The lead-up took twelve minutes, at the end of which Lynch counted to three again and said, ‘And now you feel totally relaxed, wonderfully peaceful in mind and body, and it’s time to go back to a particular morning, you’re heading along Lofty Ridge Road, a familiar route, and something you see lodges in your mind. There is a house that you’ve passed many times before, a steep driveway and an unfamiliar vehicle. Perhaps you could describe it to me.’

His posture limp, his voice slurred, Ovens said:

‘I was driving along the road there where it runs higher than the level of the houses on either side, and there’s this house and driveway I always watch out for because the old lady who lives there hires me to drive her to the shops or her doctor once or twice a month, in fact I drove her to hospital for a hip operation, so I don’t expect to see a strange car in her driveway. Two cars.’

‘Could you describe these two cars?’

‘There was a newish silver Volvo station wagon near the house, and an older car coming up the driveway towards me.’

‘Describe that car for me.’

‘It was a Holden Commodore, mid 1980s vintage.’

‘Can you be sure?’

‘My son had one, his first car.’

‘What else can you tell me about the Holden?’

‘I noticed the number plate because it was sort of partly my initials and my phone number.

At this point, Ovens’s finger began writing, tracing numbers and letters on the soft leather arm of his chair. Lynch gently slipped a pad of notepaper under his hand and wrapped his fingers around a pen. Ovens wrote, then stopped.

‘What else did you see?’

‘The driver had to brake suddenly or he would have collected me. He was youngish, shaved head, puffy kind of face.’

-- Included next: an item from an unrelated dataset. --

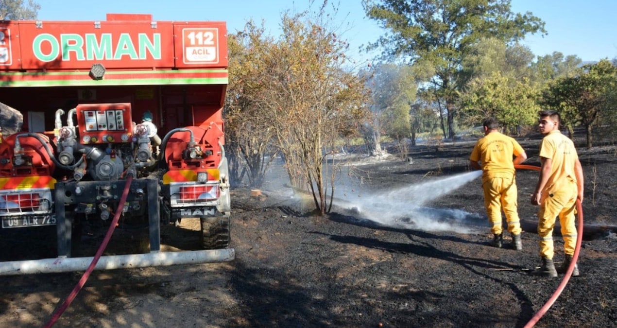 Aydın’ın Nazilli ilçesinde tarım yerinde başlayan yangın, zeytinliğe sıçradı. Yangın söndürülürken, 4 dönüm alan ziyan gördü.

‘Any other distinguishing features?’

There was a long pause, and Challis wondered if Ovens had gone to sleep. Then, in a slow, even voice, ‘Not that I can recall.’

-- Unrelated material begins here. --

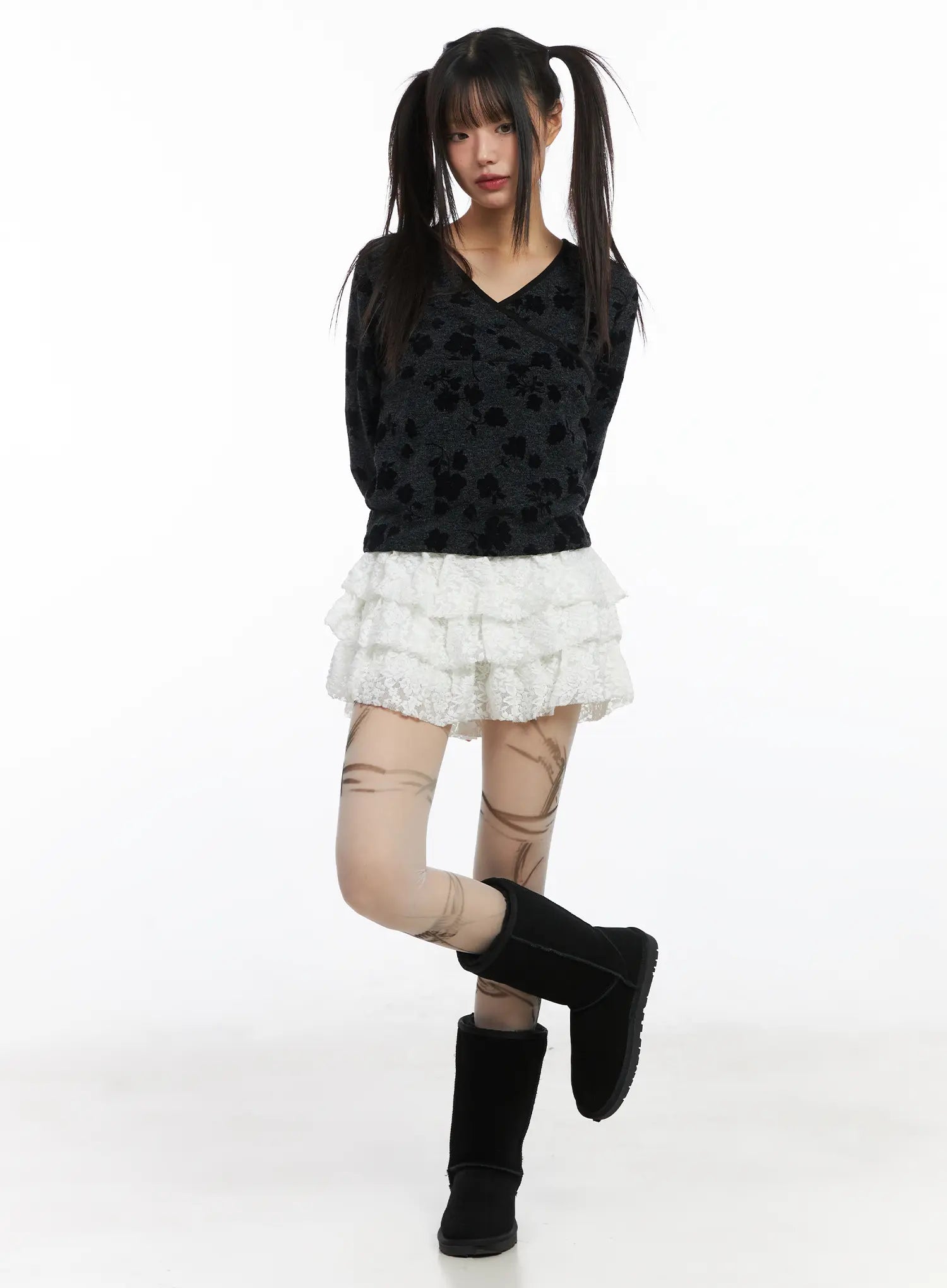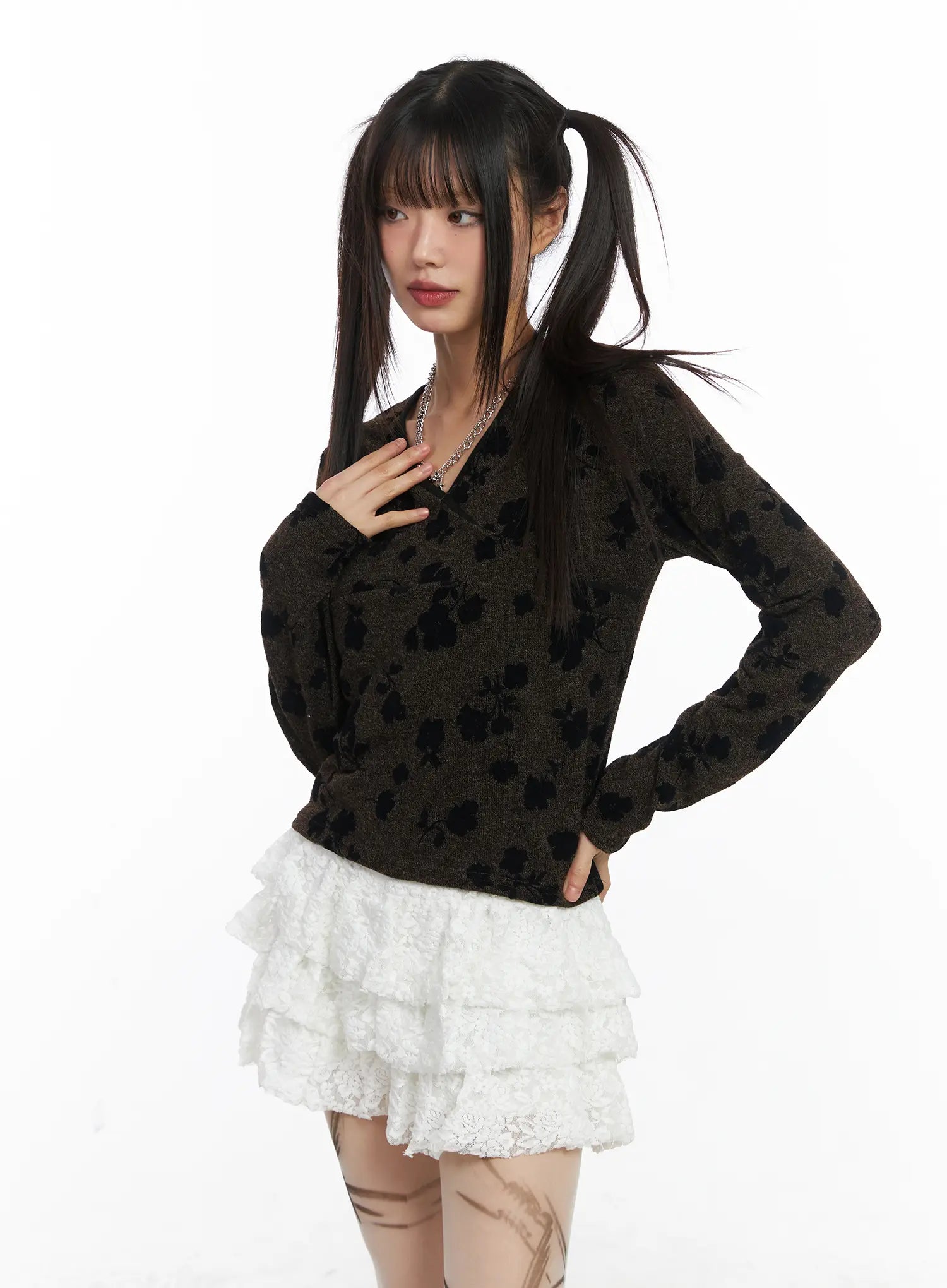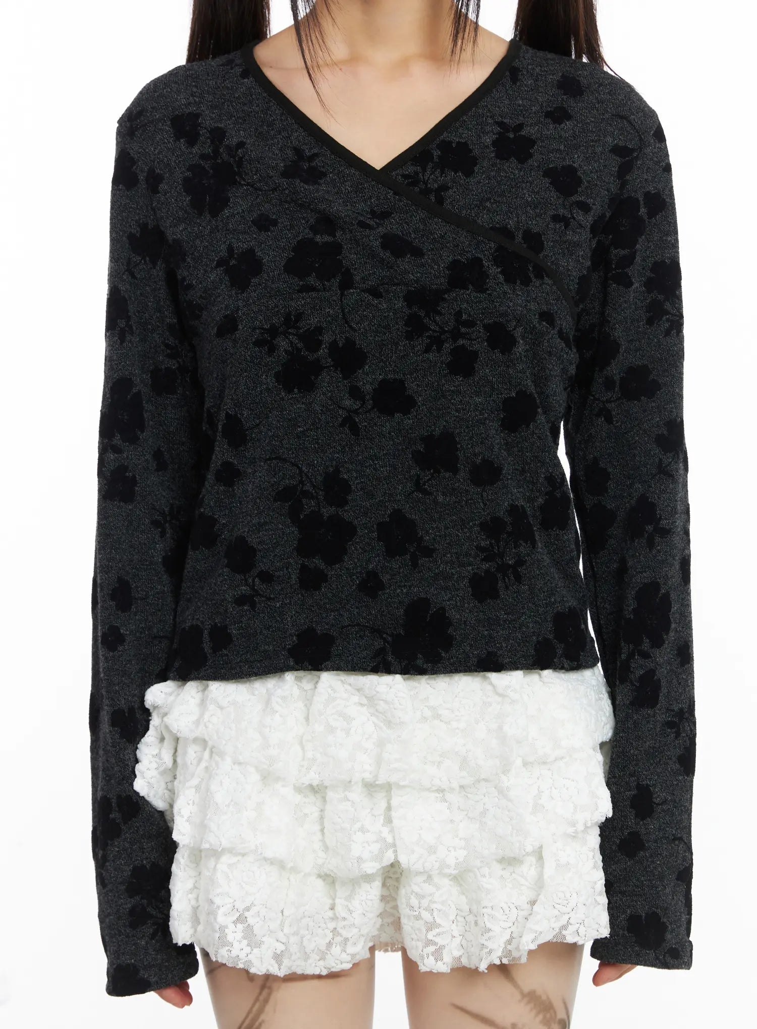 V-Neck Floral Wrap Long Sleeve Top CD518

Challis scrawled a hurried note and passed it to Lynch: Ask if he noticed the drivers right hand.

Lynch scowled, pondered, and said, ‘Did the driver have both hands on the steering wheel?’

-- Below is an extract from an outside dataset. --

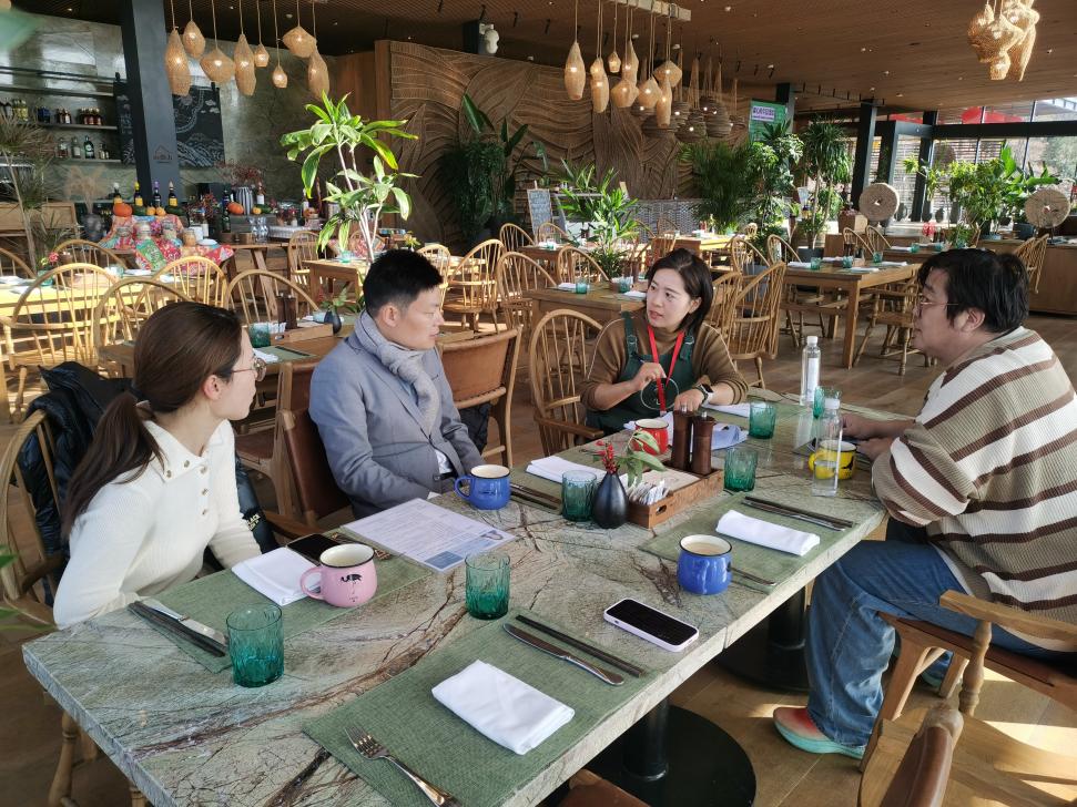 本次实践活动同步推动校企合作商谈。活动期间,李海霞老师、甘力老师与裸心岭姚海天总经理、赵燕总监围绕校企协同创新班项目开展交流,就人才培养方案优化、实训基地共建、实习就业岗位供给等核心议题达成初步共识。同时,双方针对已启动的度假村直播运营合作推进事宜进行细化落实,明确计划近期召开首次专项会议,敲定后续合作分工与实施细则,为校企资源共享、优势互补、协同发展筑牢坚实基础。
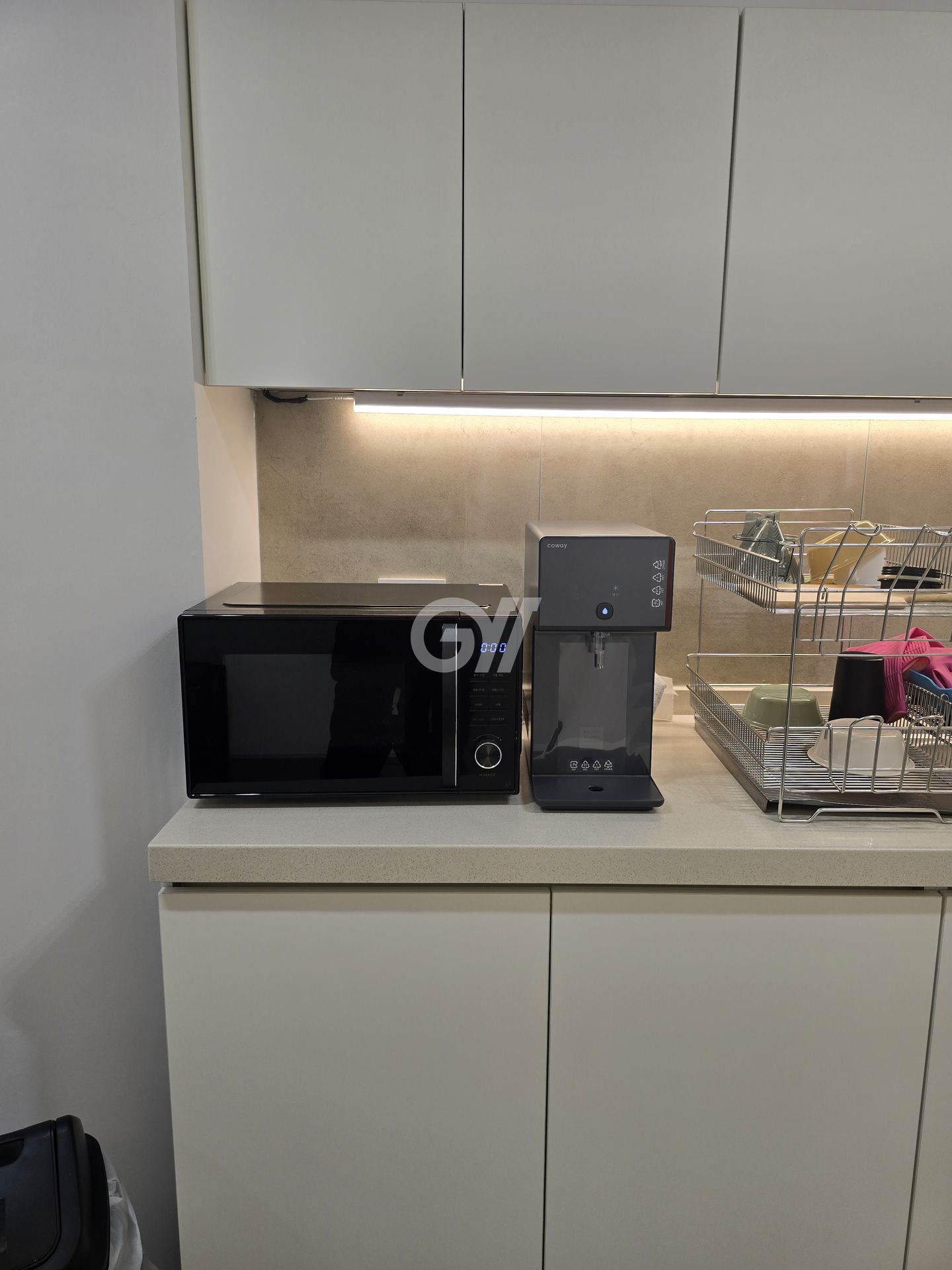 전자레인지, 전기포트, 정수기, 식탁

Joe paused and said slowly, ‘Yes.’

‘Did you notice anything about them?’

‘I don’t follow you.’

Challis could see that Lynch was struggling not to lead Joe. She lost the struggle and said simply, ‘Was he wearing gloves, a watch, a ring?’

Joe, in a fog, said slowly, ‘No.’

Challis sighed, disappointed.

‘And the other man?’ Lynch went on. ‘Where was he sitting?’

‘The passenger seat.’

‘Describe him for me, please.’

‘His face was obscured by his arm. I think he was putting on or taking off his cap, a black beanie. But he bothered me,’ the taxi driver said. ‘They both bothered me.’

‘And the car, Mr Ovens. Can you be more specific about the car?’

This was the crucial question, and Challis leaned forward intently. He hadn’t wanted to disturb the rhythm of the session, or offer Lynch leading material, but he did need to know if Ovens’s description reinforced Georgia McQuarrie’s.

Joe Ovens grunted, as if finding himself on familiar ground, and recited, ‘Holden Commodore, early to mid 1980s, mag wheels, a dirty white colour, tinted windows-an amateurish job because you could see the bubbles under the film-and rust on the sill of the rear door but not the driver’s door. That was a kind of pale yellow, like they’d got it from a wrecker’s yard.’

Challis exchanged a smile and nod with Ellen and Scobie, their differences temporarily forgotten.

‘You saw the car clearly, Mr Ovens?’

In his dull voice, Joseph Ovens said, ‘I know all about cars. Plus I saw the driver’s side of the car, then the front number plate, as I passed it.’

Ten minutes later, it was clear that Lynch would get nothing more out of Ovens. Challis gathered the tape, which would be transcribed immediately, and the notepaper on which Ovens had jotted those letters and numbers he could remember seeing on the Commodore: OT?, he’d written,?59.